[Records from a data source]
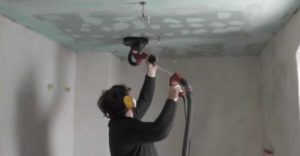 Rigips Schleifen mit einem Langhalsschleifer mit Absaugung
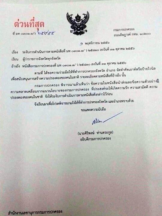 "ตามที่ได้ขอความร่วมมือให้ที่ทำการปกครองจังหวัด อำเภอ จัดทำคัทเอาท์หรือป้ายไวนิลเพื่อสนับสนุนสร้างความปรองดองของคนในชาติ รายละเอียดตามหนังสือที่อ้างถึงนั้น
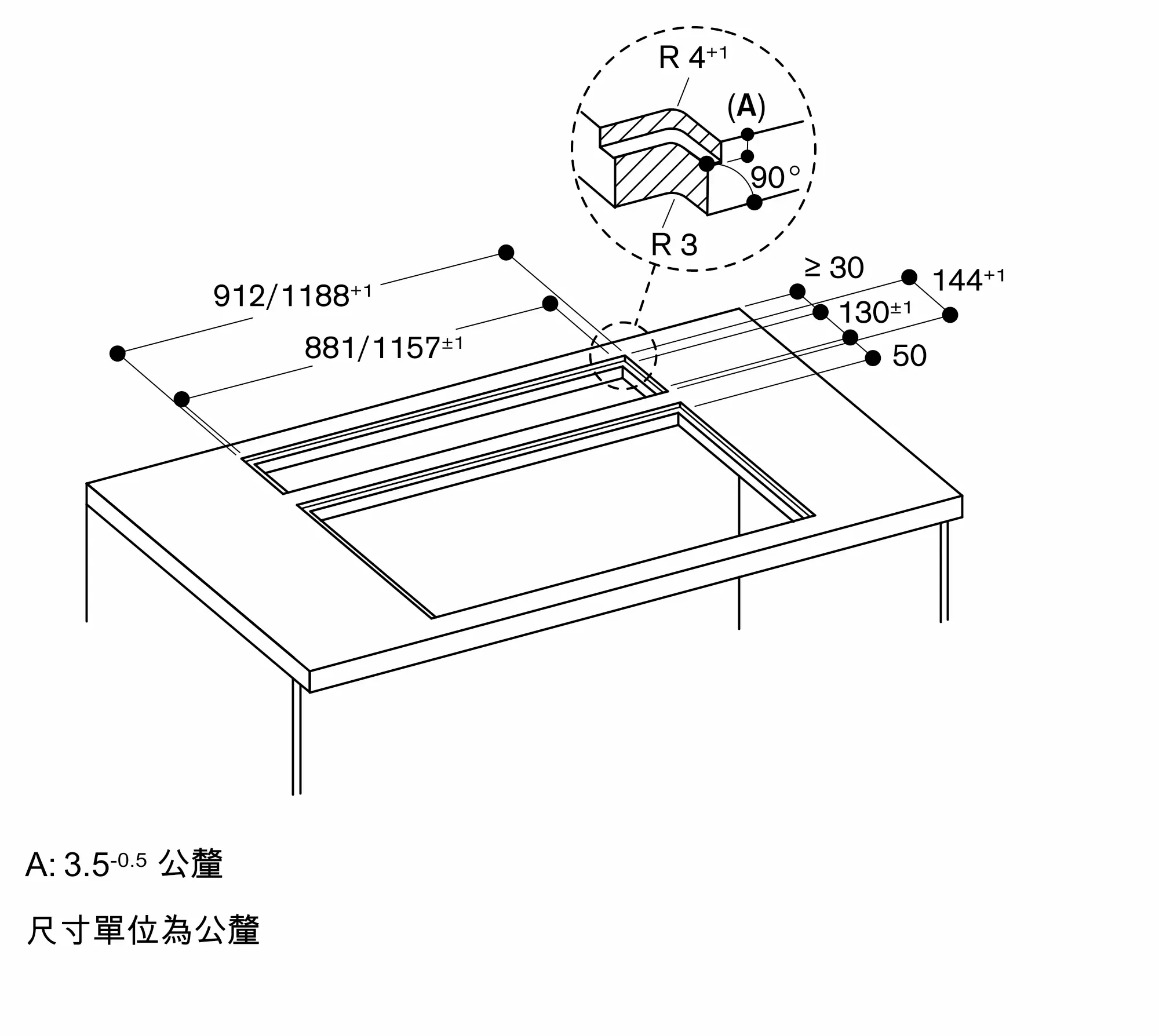 可安裝於石材、合成材或實木材質的檯面。檯面裁切處的邊緣必須以防熱與防水材質(如;防熱防水矽利康)填充密封其他材質,請向檯面製造商諮詢
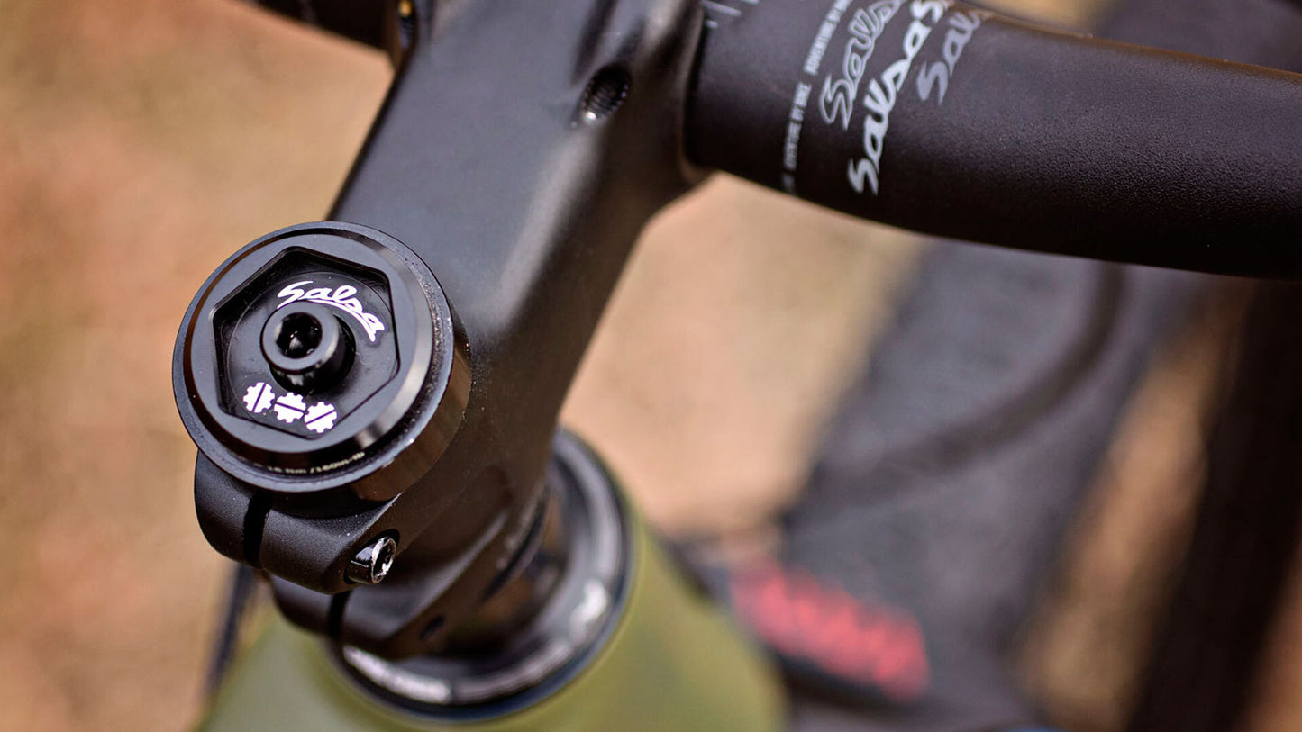 Extra sold separately, Salsa Split Pivot® Top Cap Dropout Tool included with frame for field changes without the need to carry a 22mm cone wrench
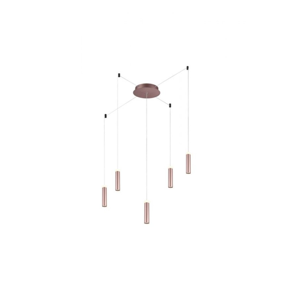 Κρεμαστό πολύφωτο κατασκευασμένο από αλουμίνιο, ακρυλικό και μεταλλική βάση, σε καφέ ματ απόχρωση και φωτισμό πάνω-κάτω. Με καλώδιο ως και 4 μέτρα που επιτρέπει το σχεδιασμό αράχνης.
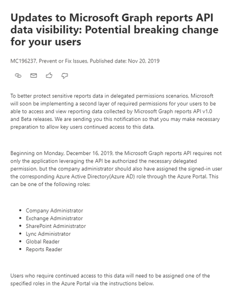 Thehttps://admin.microsoft.com/Adminportal/Home?source=applauncher#/MessageCenter?id=MC196237 is confusing a lot. The specified https://docs.microsoft.com/en-us/graph/api/resources/repo...
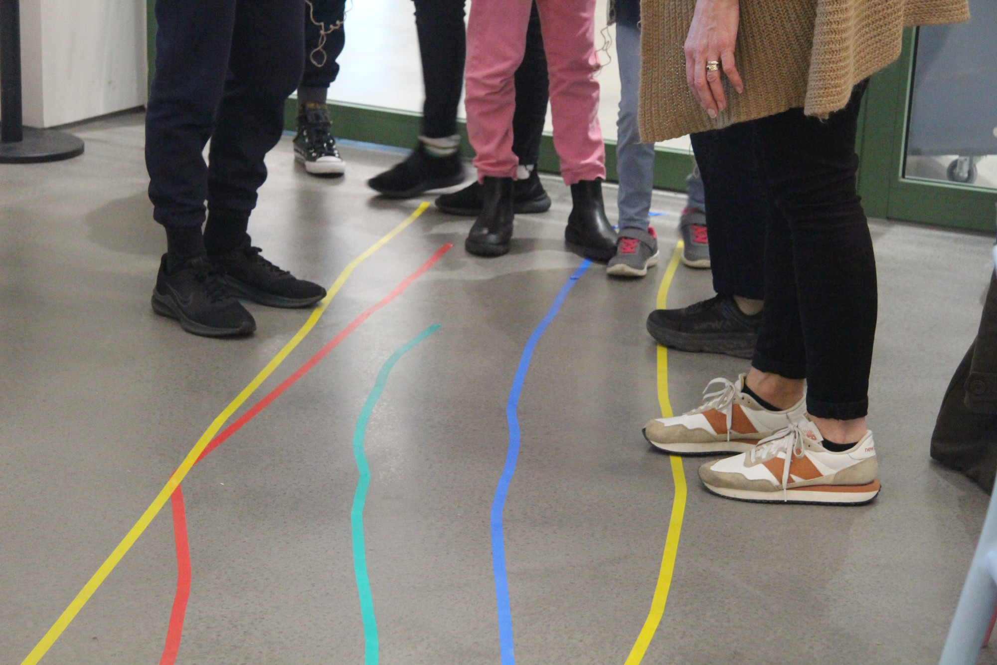 Another experiment was Eva's desire paths. She asked that everyone think about their favourite part of the exhibition, and choose a colour of tape. The students worked together to make a line with the tape that lead all the way from the door to a special place, marking it with an initial. It was cool to see where the lines of tape interacted, weaving and intersecting before splitting apart again. After they made their own paths, the students chose a different line to follow. Pretending they were tightropes, balancing and thinking about new ways to move, they didn't know where they would end up!

▶ PROBLEM TO WORK ON: Beginning with the first entry above, reproduce every line verbatim until the line with "可安裝於石材、合成材或實木材", which is included too; omit pictures.

▶ REPLY:
 Rigips Schleifen mit einem Langhalsschleifer mit Absaugung
 "ตามที่ได้ขอความร่วมมือให้ที่ทำการปกครองจังหวัด อำเภอ จัดทำคัทเอาท์หรือป้ายไวนิลเพื่อสนับสนุนสร้างความปรองดองของคนในชาติ รายละเอียดตามหนังสือที่อ้างถึงนั้น
 可安裝於石材、合成材或實木材質的檯面。檯面裁切處的邊緣必須以防熱與防水材質(如;防熱防水矽利康)填充密封其他材質,請向檯面製造商諮詢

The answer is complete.